-- Opening Marker --
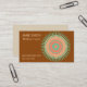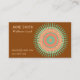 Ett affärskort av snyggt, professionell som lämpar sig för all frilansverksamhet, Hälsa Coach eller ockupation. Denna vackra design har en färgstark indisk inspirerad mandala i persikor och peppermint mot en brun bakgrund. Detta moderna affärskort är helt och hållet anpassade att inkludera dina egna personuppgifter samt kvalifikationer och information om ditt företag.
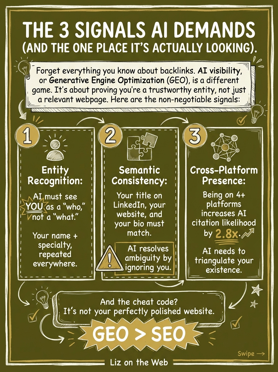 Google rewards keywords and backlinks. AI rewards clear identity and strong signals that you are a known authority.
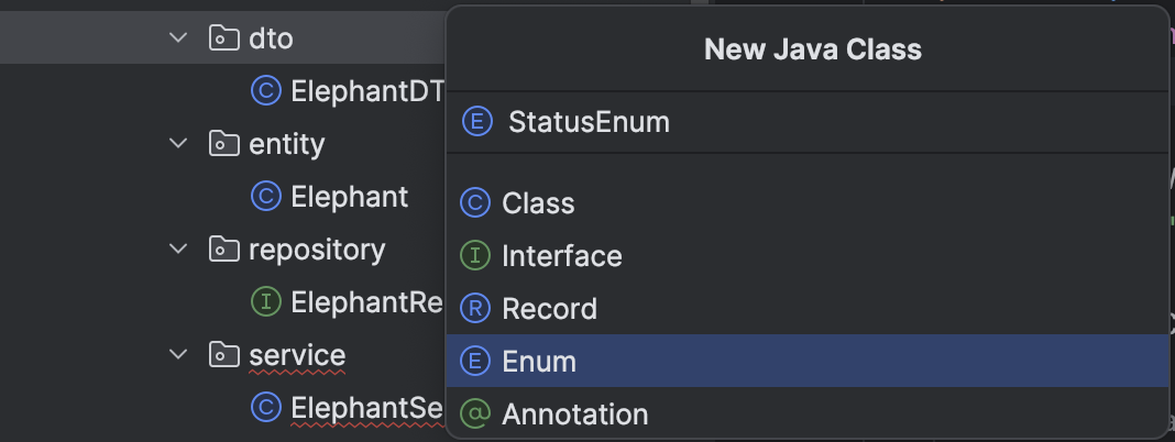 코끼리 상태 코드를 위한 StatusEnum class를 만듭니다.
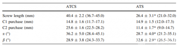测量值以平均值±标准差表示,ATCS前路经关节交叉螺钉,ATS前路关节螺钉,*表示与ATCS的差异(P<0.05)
-- Closing Marker --
From the line containing "코끼리 상태 코드를 위한 StatusEnum class를 만듭니다." down to the end of the data above, reproduce each line exactly; no pictures.

 코끼리 상태 코드를 위한 StatusEnum class를 만듭니다.
测量值以平均值±标准差表示,ATCS前路经关节交叉螺钉,ATS前路关节螺钉,*表示与ATCS的差异(P<0.05)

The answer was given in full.